Frankly, I think fine-tuning has already been thoroughly debunked and Stenger's article is probably an unnecessary extra nail in the coffin. But still it is an interesting read.

However, Stenger states "Our universe is just one of an infinite number of individual, uncreated universes collectively called the multiverse that extend for an unlimited distance in all directions and for an unlimited time in the past an future." Here, Stenger has assumed his conclusion. By tossing in the adjective "uncreated" he has assumed that every single one of the infinite number of universes, including our own was "uncreated." That is an unwarranted leap not necessitated by the theory of the multiverse.

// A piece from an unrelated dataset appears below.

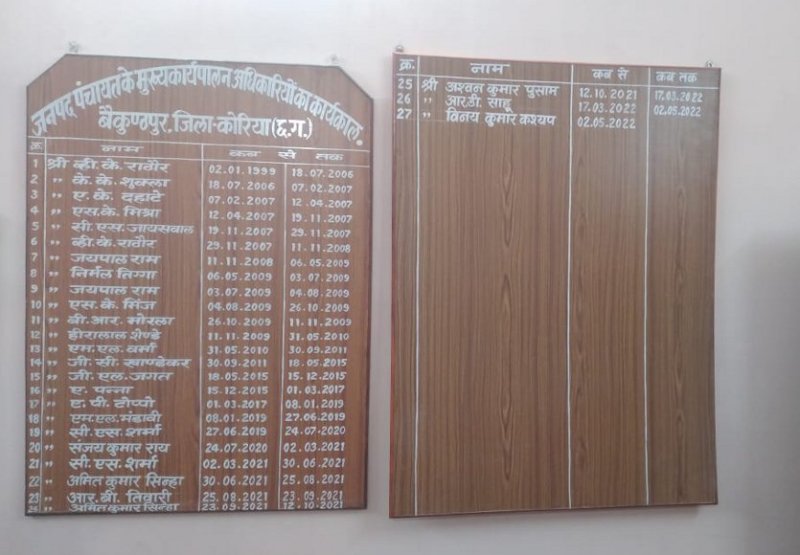 ऐसे में कई ग्राम पंचायतों में मिली वित्तीय अनियमितता की शिकायतों की जांच लंबित पड़ी है। गौरतलब है कि जिला गठन के 24 साल में जनपद पंचायत बैकुंठपुर में कुल 27 सीइओ बदले कार्य कर चुके हैं। लेकिन 21 साल में 17 सीइओ बदले गए हैं। जिसमें महज साढ़े तीन साल में 10 सीइओ बदल चुके हैं।
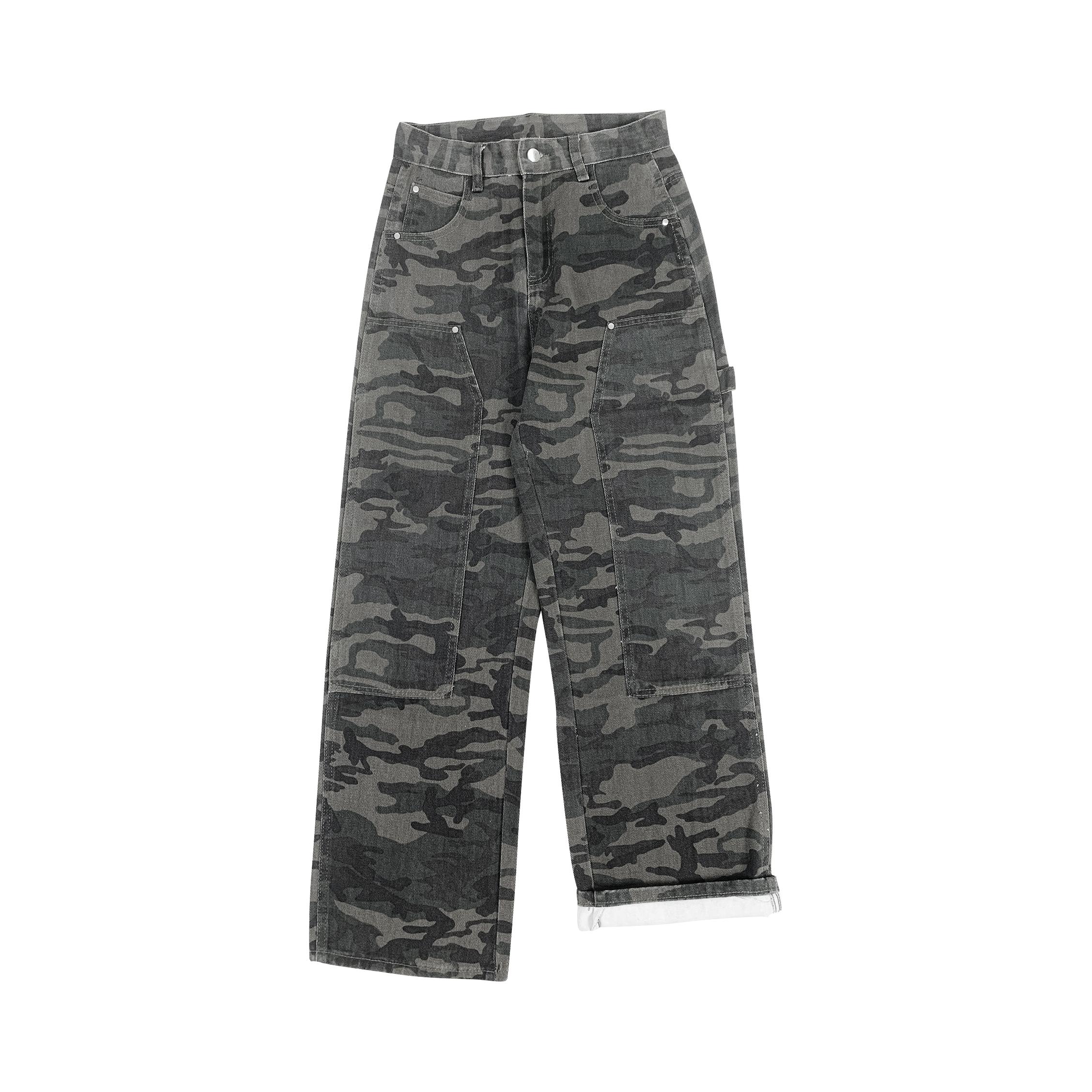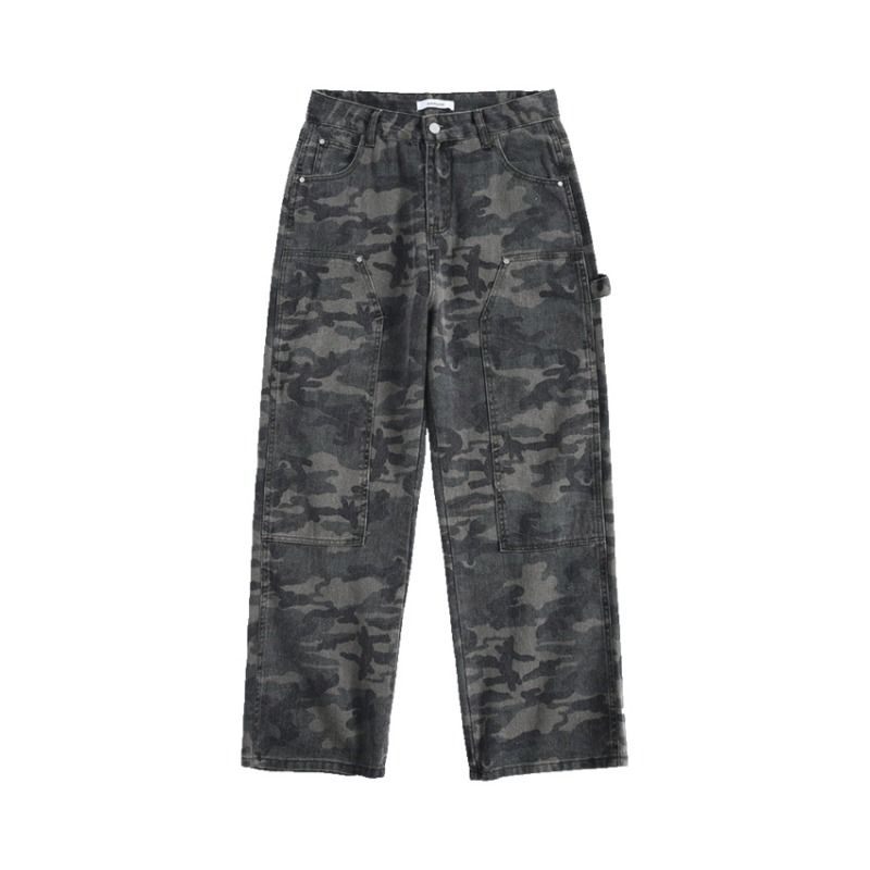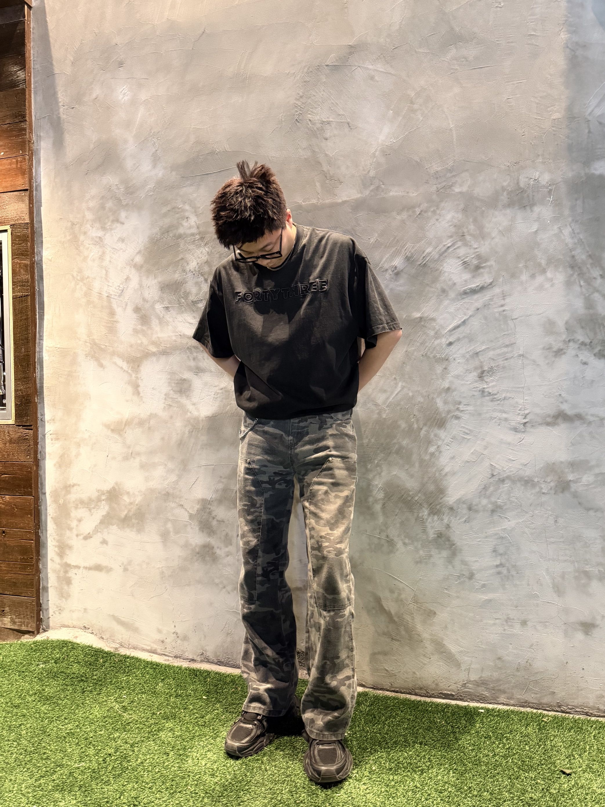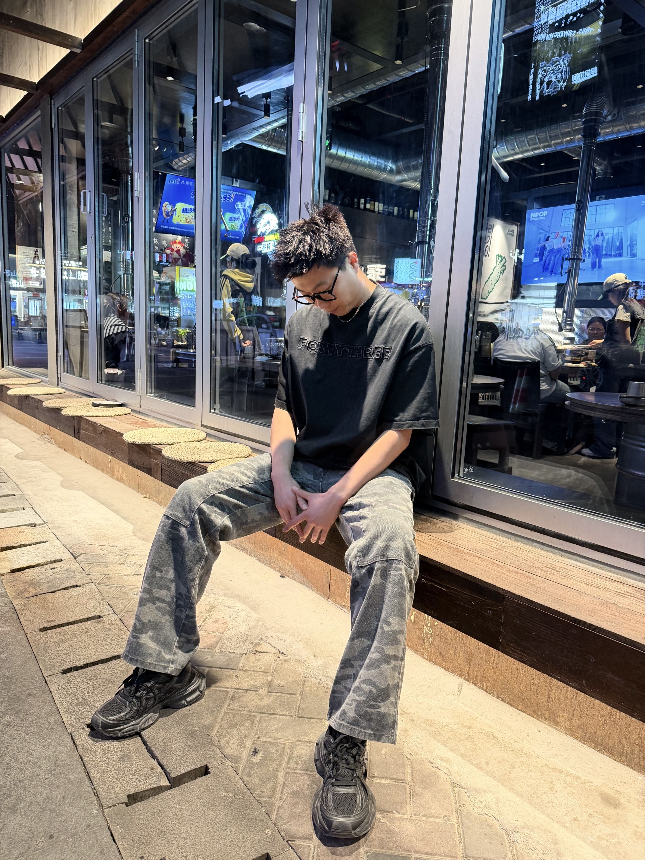 男生显瘦神裤!这条迷彩微喇裤直接封神!做旧水洗迷彩+立体剪裁,腿粗、腿不直全给你藏住,秒变直腿大长腿!搭配同色系压花黑T,松弛感拉满,上脚随便配双黑球鞋,美式街头感直接拿捏,学生党闭眼冲,不踩雷!

There's no question that the multiverse theory involves a continual production of new universes - universes that come into existence on their own - and in accordance with the theory there indeed would be an infinite number of such uncreated universes if the theory is true.  But that still does not rule out the additional possibility of "created universes". And I'll suggest that if just one created universe is possible, then there is no real limit on the number of created universes. Possibly also an infinite number.

Which class, created or uncreated, ours would fit into is as yet undetermined.

In his discussion of the multiverse, Stenger refers to the work of both Andrei Linde and to Alan Guth. I quoted Linde back in May 2004 in Meditation 227 as follows:

"When I invented chaotic inflation theory, I found that the only thing you need to get a universe like ours started is a hundred-thousandth gram of matter. That's enough to create a small chunk of vacuum that blows up into the billions and billions of galaxies we see around us. It looks like cheating, but that's how the inflation theory works - all the matter in the universe gets created from the negative effects of the gravitational field."

"What my theoretical argument shows - and Alan Guth and others who have looked at this matter have come to the same conclusion - is that we cannot rule out the possibility that our own universe was created in a lab by someone in another universe who just felt like doing it." (emphasis added)

One of the consequences of an infinite number of universes is that if something can happen, it will happen in one or more of those universes.

If at a certain level of technological and scientific knowledge it becomes possible to knowingly create a universe, then creation of one or more universes is bound to happen in some of the societies that achieve that level. If creation of a universe is technologically possible, then it is practically certain that created universes would exist in the multiverse. If that is the case, then it is possible possible our universe is one of the created ones. And still very possible it is not.

I don't really like the idea of a multiverse, but in general science is moving towards the idea of a multiple universe meta-universe with the multiverse model currently in the forefront. And the more universes there are in that meta-universe, the more probable it is that one or more contain intelligent life advanced enough to achieve the ability to produce new universes.

As far as deism goes, all that is required of a god is the capacity to deliberately create a universe. There is not even a necessity for supernatural powers. A scientist fills the bill. I cannot shut the door on the possibility our universe was created. And as ideas such as the multiverse gain ground, then the door to such a possibility opens wider.

I've said in the past on this site, I am an agnostic rather than an atheist because of a lingering sense of the remote possibility of deism. That has not changed in years. However, the current scientific consideration of of the likelihood of multiple universes, including the multiverse, make makes that possibility substantially less remote.

This is perhaps about as minimal as it can get to justify identifying myself as an agnostic. But, at the current state of knowledge, it is an absolutely irreducible minimum.

Like it or not, the possibility of a creator exists for our universe. But I'll say this - she has not been been poking around her creation anytime since she let us loose. So it still does not really matter whether such a deity exists or not.


How could that lingering sense of deism be eliminated?

Any one of those three will do. I don't foresee that happening for a while.